The input Block Start

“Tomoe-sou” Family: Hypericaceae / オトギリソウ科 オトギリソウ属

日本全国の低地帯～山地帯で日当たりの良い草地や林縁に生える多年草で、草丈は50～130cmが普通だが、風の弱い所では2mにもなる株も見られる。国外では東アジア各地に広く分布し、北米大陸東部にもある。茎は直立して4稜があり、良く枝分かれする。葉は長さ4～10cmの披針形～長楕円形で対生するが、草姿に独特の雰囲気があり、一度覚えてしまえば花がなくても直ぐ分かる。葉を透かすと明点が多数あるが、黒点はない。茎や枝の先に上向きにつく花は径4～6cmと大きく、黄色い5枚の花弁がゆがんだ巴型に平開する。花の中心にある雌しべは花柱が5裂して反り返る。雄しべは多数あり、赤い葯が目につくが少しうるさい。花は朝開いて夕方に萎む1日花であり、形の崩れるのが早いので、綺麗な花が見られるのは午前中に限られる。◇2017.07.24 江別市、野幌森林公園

The input Block End
The input Block Start

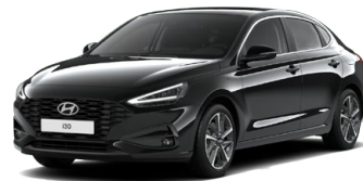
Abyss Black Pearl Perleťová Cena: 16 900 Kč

The input Block End
The input Block Start

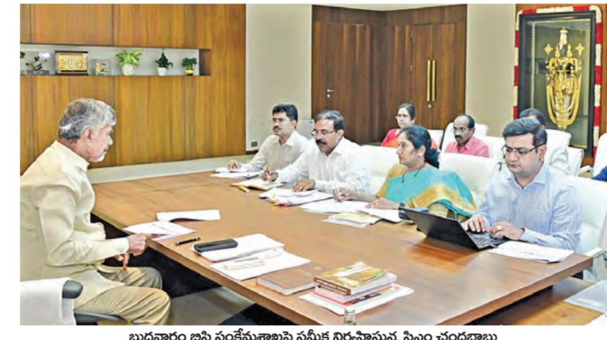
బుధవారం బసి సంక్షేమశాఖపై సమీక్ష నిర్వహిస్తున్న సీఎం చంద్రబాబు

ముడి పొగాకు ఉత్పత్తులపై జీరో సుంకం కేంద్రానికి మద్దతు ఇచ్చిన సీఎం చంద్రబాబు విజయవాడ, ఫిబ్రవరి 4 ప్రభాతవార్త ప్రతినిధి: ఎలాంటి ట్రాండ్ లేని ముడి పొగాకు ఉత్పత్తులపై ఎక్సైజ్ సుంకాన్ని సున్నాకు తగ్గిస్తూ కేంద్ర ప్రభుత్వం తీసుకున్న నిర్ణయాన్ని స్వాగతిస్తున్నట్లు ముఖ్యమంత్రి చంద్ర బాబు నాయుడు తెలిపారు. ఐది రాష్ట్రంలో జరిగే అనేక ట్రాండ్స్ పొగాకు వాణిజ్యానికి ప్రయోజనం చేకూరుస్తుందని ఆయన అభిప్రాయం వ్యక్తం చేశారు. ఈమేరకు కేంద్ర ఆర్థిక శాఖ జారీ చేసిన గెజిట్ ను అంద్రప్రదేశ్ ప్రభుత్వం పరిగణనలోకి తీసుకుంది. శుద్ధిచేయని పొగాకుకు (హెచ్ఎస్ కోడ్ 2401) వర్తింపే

The input Block End

Task brief:
Only one part of the material above is to be transcribed, namely the lines starting with the line that has "Hypericaceae / オトギリソウ科 オトギリソウ属" and going on through the line that has "日本全国の低地帯～山地帯で日", exactly as they stand.

Reply to the task:
“Tomoe-sou” Family: Hypericaceae / オトギリソウ科 オトギリソウ属

日本全国の低地帯～山地帯で日当たりの良い草地や林縁に生える多年草で、草丈は50～130cmが普通だが、風の弱い所では2mにもなる株も見られる。国外では東アジア各地に広く分布し、北米大陸東部にもある。茎は直立して4稜があり、良く枝分かれする。葉は長さ4～10cmの披針形～長楕円形で対生するが、草姿に独特の雰囲気があり、一度覚えてしまえば花がなくても直ぐ分かる。葉を透かすと明点が多数あるが、黒点はない。茎や枝の先に上向きにつく花は径4～6cmと大きく、黄色い5枚の花弁がゆがんだ巴型に平開する。花の中心にある雌しべは花柱が5裂して反り返る。雄しべは多数あり、赤い葯が目につくが少しうるさい。花は朝開いて夕方に萎む1日花であり、形の崩れるのが早いので、綺麗な花が見られるのは午前中に限られる。◇2017.07.24 江別市、野幌森林公園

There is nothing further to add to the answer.